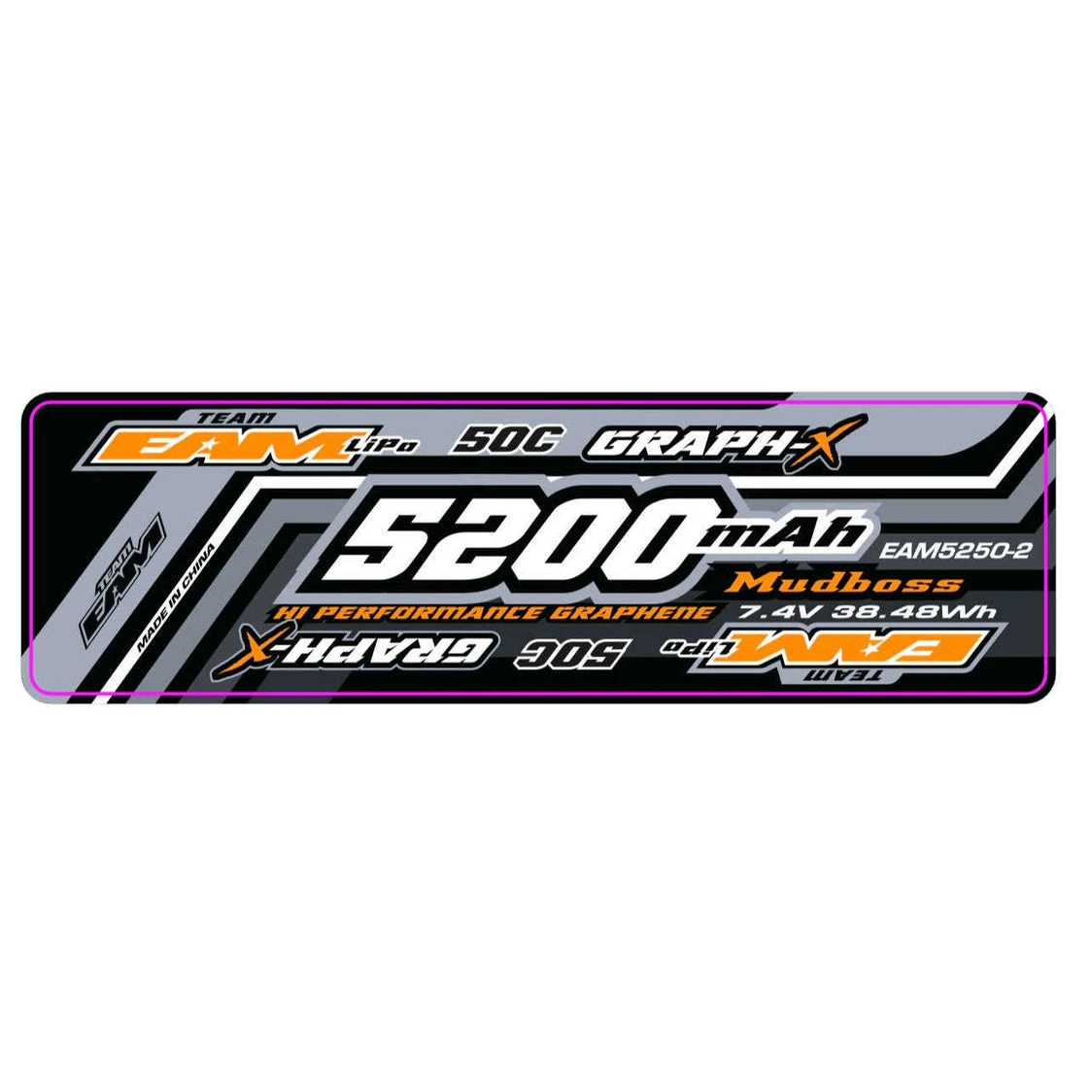 Team EAM 5200 50C Graph-X Mudboss 7.4V 2S LiPo Battery with Deans Connector
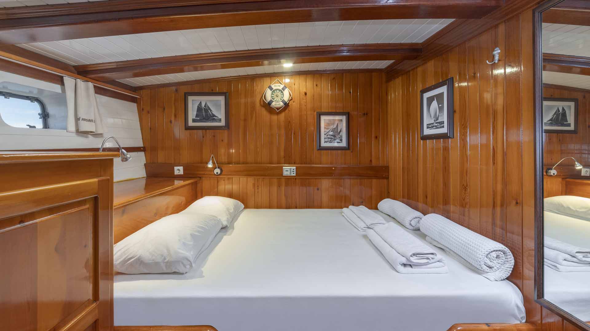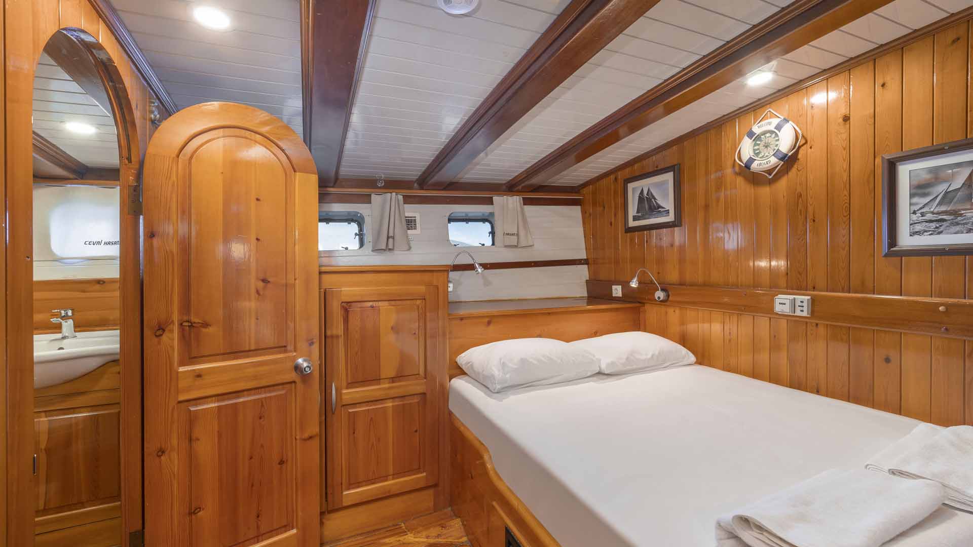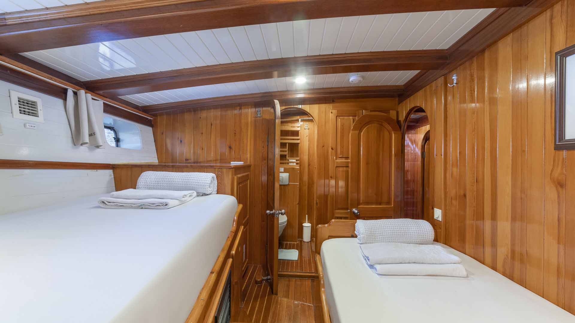 Cevri Hasan 5 is approximately 29 meters long and accommodates up to 12 guests in 6 guest cabins. The cabin layout includes a mix of double, twin, and triple cabins, making the yacht flexible for different group compositions.
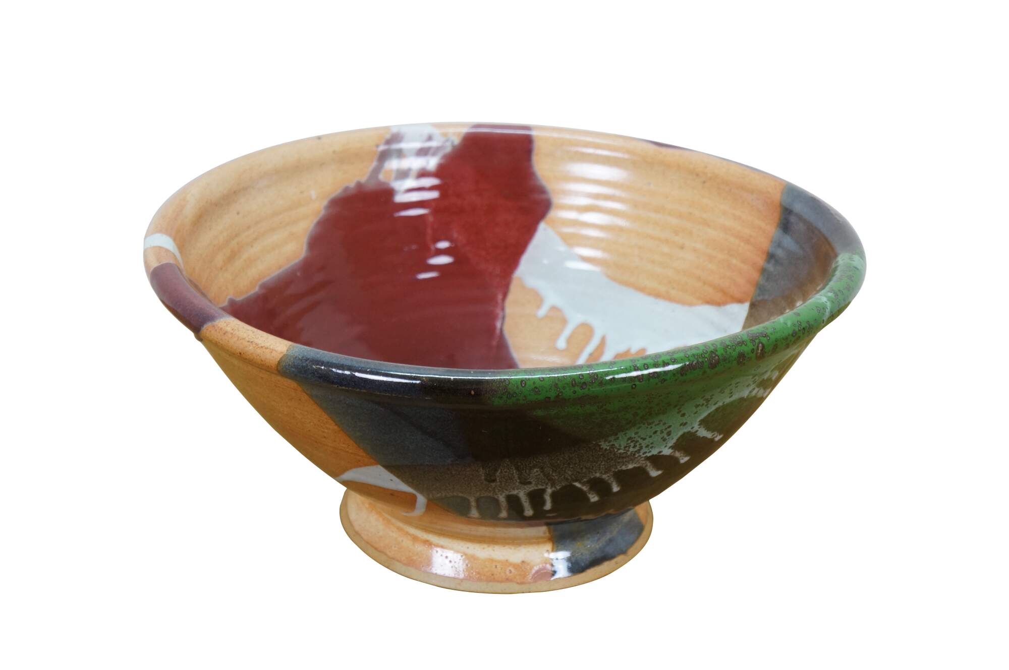 A very large and impressive late 20th century stoneware studio art pottery fruit centerpiece / footed serving bowl, featuring an abstract multicolored dripped and spattered glazed design.
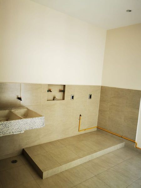 Vestíbulo, tinacos, calentadores, tanque estacionario y preparaciones para recibir asador y techumbre.
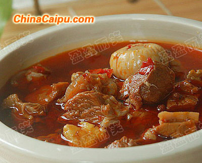 6、加入煮牛肉的清湯,適量鹽,入高壓鍋40分鐘左右,最后再加適量雞粉調(diào)味即可。
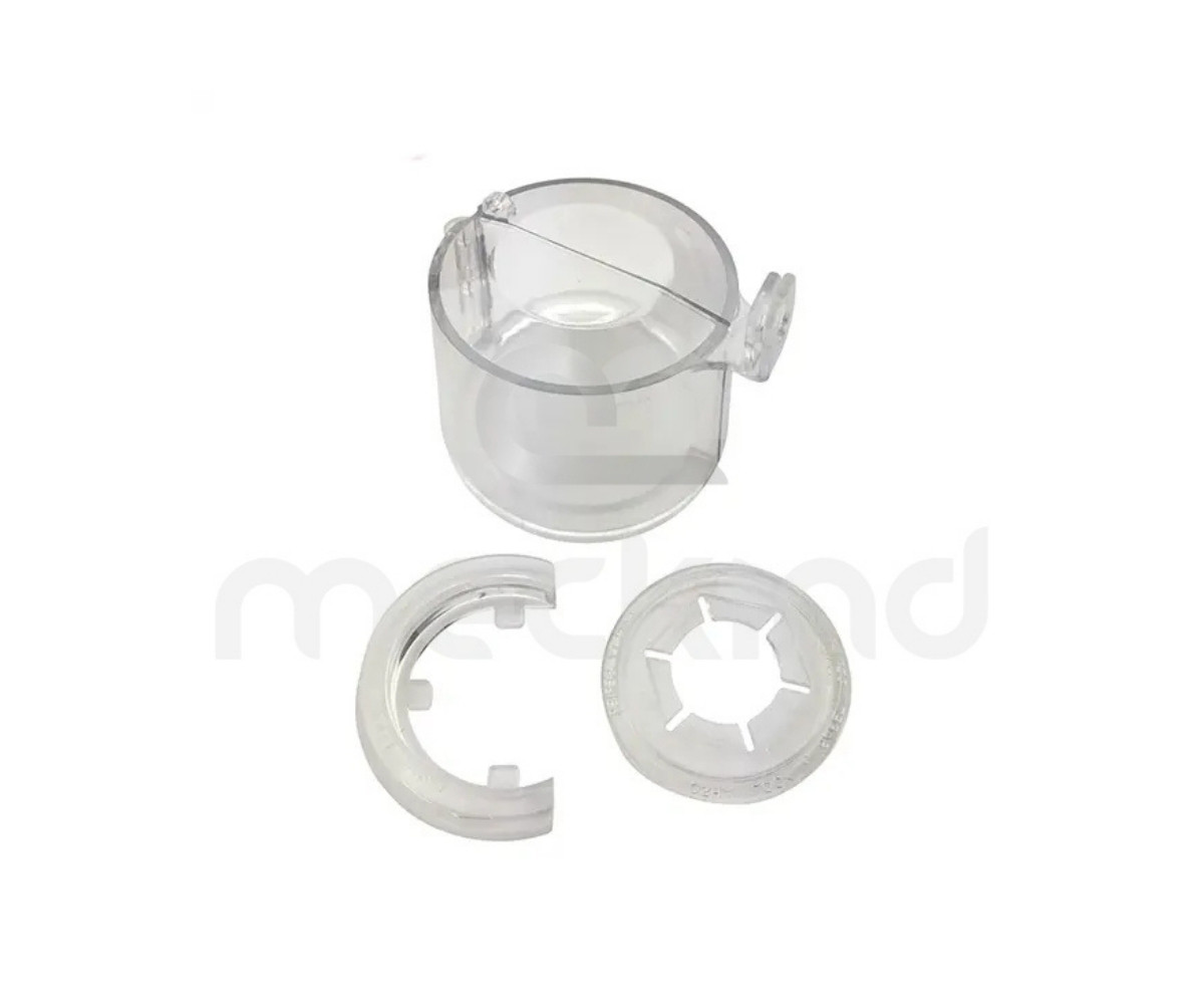 Blocco per pulsante di arresto di emergenza Realizzato in resistente policarbonato trasparente, questo dispositivo impedisce l’accesso al pulsante o a qualsiasi comando sottostante, garantendo una protezione efficace contro azionamenti non autorizzati. La base retrofit, sagomata a ferro di cavallo, permette l’installazione anche su targhette rialzate o in posizione decentrata, ed è progettata per adattarsi alle manopole degli interruttori rotativi. Il prodotto può ospitare pulsanti fino a 50 mm di diametro e 45 mm di altezza, ed è compatibile con interruttori con foro da 22 e 30,5 mm.

* What this task involves *
Without including any picture, restate every entry above exactly.

* Output of the task *
 Team EAM 5200 50C Graph-X Mudboss 7.4V 2S LiPo Battery with Deans Connector
 Cevri Hasan 5 is approximately 29 meters long and accommodates up to 12 guests in 6 guest cabins. The cabin layout includes a mix of double, twin, and triple cabins, making the yacht flexible for different group compositions.
 A very large and impressive late 20th century stoneware studio art pottery fruit centerpiece / footed serving bowl, featuring an abstract multicolored dripped and spattered glazed design.
 Vestíbulo, tinacos, calentadores, tanque estacionario y preparaciones para recibir asador y techumbre.
 6、加入煮牛肉的清湯,適量鹽,入高壓鍋40分鐘左右,最后再加適量雞粉調(diào)味即可。
 Blocco per pulsante di arresto di emergenza Realizzato in resistente policarbonato trasparente, questo dispositivo impedisce l’accesso al pulsante o a qualsiasi comando sottostante, garantendo una protezione efficace contro azionamenti non autorizzati. La base retrofit, sagomata a ferro di cavallo, permette l’installazione anche su targhette rialzate o in posizione decentrata, ed è progettata per adattarsi alle manopole degli interruttori rotativi. Il prodotto può ospitare pulsanti fino a 50 mm di diametro e 45 mm di altezza, ed è compatibile con interruttori con foro da 22 e 30,5 mm.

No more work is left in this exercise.